But Dillaway looked anxious.
“Look here, Brown,” he says, “I wouldn't do that. I'll pay his board bill and his traveling expenses if he clears out this minute. It seems tough to set him shaving after he's been such a big gun around here.”
I could see right off that the arrangement suited Brown first rate and was exactly what he'd been working for, but he pretended not to care much for it.
“Oh! I don't know,” he says. “I'd rather be a sterling barber than a plated count. But anything to oblige you, Mr. Dillaway.”
So the next day there was a nobleman missing at the “Old Home House,” and all we had to remember him by was a trunk full of bricks. And Peter T. Brown and the “queen” was roosting in the Lover's Nest; and the new Italian was busy in the barber shop. He could shave, too. He shaved me without a pull, and my face ain't no plush sofy, neither.
And before the season was over the engagement was announced. Old Dillaway took it pretty well, considering. He liked Peter, and his having no money to speak of didn't count, because Ebenezer had enough for all hands. The old man said he'd been hoping for a son-in-law sharp enough to run the “Consolidated Stores” after he was gone, and it looked, he said, as if he'd found him.
THE SOUTH SHORE WEATHER BUREAU
“But,” says Cap'n Jonadab and me together, jest as if we was “reading in concert” same as the youngsters do in school, “but,” we says, “will it work? Will anybody pay for it?”
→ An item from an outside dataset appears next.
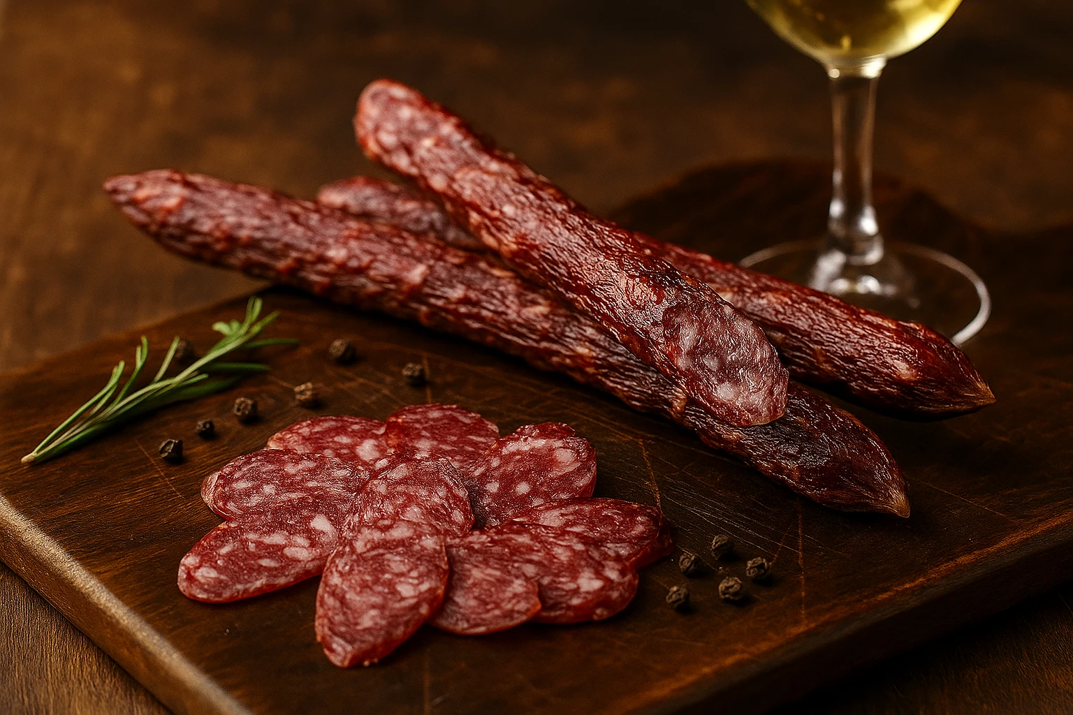 Сыровяленая колбаса с белой плесенью и карри — пряный деликатес с тёплым характером.

“Work?” says Peter T., with his fingers in the arm-holes of the double-breasted danger-signal that he called a vest, and with his cigar tilted up till you'd think 'twould set his hat-brim afire. “Work?” says he. “Well, maybe 'twouldn't work if the ordinary brand of canned lobster was running it, but with ME to jerk the lever and sound the loud timbrel—why, say! it's like stealing money from a blind cripple that's hard of hearing.”